55 S.E.2d 386, 80 Ga. App. 127, 1949 Ga. App. LEXIS 789
CourtCourt of Appeals of Georgia
DecidedSeptember 23, 1949
Docket32477.
StatusPublished
Cited by19 cases

This text of 55 S.E.2d 386 (Parsons v. Foshee) is published on Counsel Stack Legal Research, covering Court of Appeals of Georgia primary law. Counsel Stack provides free access to over 12 million legal documents including statutes, case law, regulations, and constitutions.

Bluebook
Parsons v. Foshee, 55 S.E.2d 386, 80 Ga. App. 127, 1949 Ga. App. LEXIS 789 (Ga. Ct.

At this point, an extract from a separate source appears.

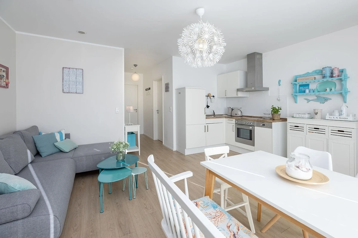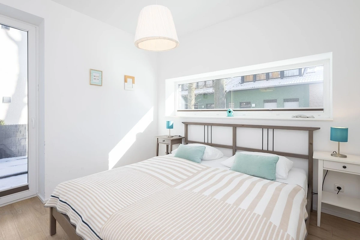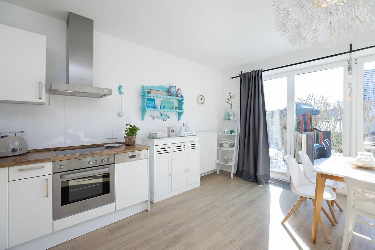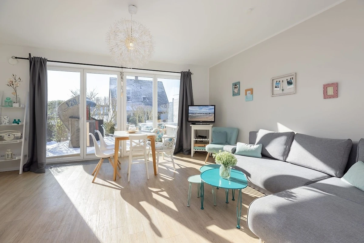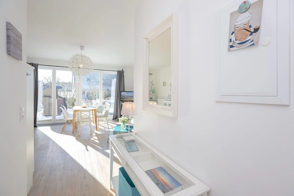 Schliessen Sie auf und treten Sie ein! Ein heller Flur mit Garderobe empfängt Sie. Gleich geradezu das Wohnzimmer mit Essplatz und offener bestens ausgestatteter Küchenzeile strahlt mit seinen nordischen Farbtönen und geschmackvollen Details. Öffnen Sie die Terrassentür und denken Sie schon mal an das Frühstück, das Sie draussen in aller Ruhe geniessen können oder zwischendurch ein Buch im Strandkorb lesen. Herrlich entspannen können Sie auf der gemütlichen Sofaecke und dabei einen guten Film ansehen oder Ihren Freunden zu Hause ein paar Urlaubsbilder senden. Im Handumdrehen können Sie das Sofa zu einem Schlafplatz herrichten, Verdunkelungsgardinen an den bodentiefen Fenstern sorgen für eine angenehme Nachtruhe. Am anderen Flurende ist das Schlafzimmer mit Doppelbett (2x 80x200 cm) und einem Kleiderschrank. Verdunkelungsplissees sind hier am Fenster angebracht. Daneben ist das tageslichthelle Duschbad mit ebenerdiger Dusche, Handtuchwärmer und Föhn.

App. 1949).

Opinion

Worrill, J.

The first exception pendente lite is to the order of the trial judge in overruling the general grounds of the defendant’s renewed demurrer. A tort.is the unlawful violation of a private legal right by reason of which some special damage accrues to the individual. Code, § 105-101. A plaintiff need allege only the factum of the duty, a violation of that duty and damages proximately resulting therefrom in order to withstand a general demurrer. Vickers v. Georgia Power Co., 79 Ga. App. 456 (54 S. E. 2d, 152); 41 Am. Jur., Pleading, § 78. Tested by these simple rules the petition as amended stated a cause of action founded on the negligence of the defendant and the court did not err in overruling the general demurrers.

The exceptions pendente lite complain that the court erred in refusing to strike paragraph 14 of the petition in response to the original and renewed demurrers thereto. Paragraph 14 alleged that, “the aforesaid 1948 Chevrolet Fleetmaster Tudor automobile was purchased brand-new only nine (9) days preceding the date of this collision for the sum of $1511.80, that the said automobile was in good mechanical condition and immediately prior to said collision had a reasonable market value of $1511.80, and after said collision had a reasonable market value of only $700.00, resulting in a loss to this plaintiff of $811.80.” The defendant demurred specially to that paragraph on the ground that the paragraph failed to set forth in detail what parts of the automobile were damaged, what repairs were necessary, whether the plaintiff still owned the car, and that the allegations as to the market value before and after the trial were mere conclusions. The court sustained that ground of the demurrer in an order dated October 27, 1948, and allowed the plaintiff 15 days in which to amend. The plaintiff amended by the addition of subparagraph 14a, as follows: “Petitioner’s 1948 Chevrolet Fleetmaster Tudor automobile was damaged all over in said collision, it overturned and the top was smashed and bent, the hood was bent, the headlights were damaged, the fenders were smashed and bent, the doors were bent and twisted, the *130 running boards were smashed and bent, radiator was damaged, the wheels were bent, fender braces were knocked loose, and the head lining was torn loose.” The defendant renewed her special demurrers, the court overruled them and the defendant excepted pendente lite.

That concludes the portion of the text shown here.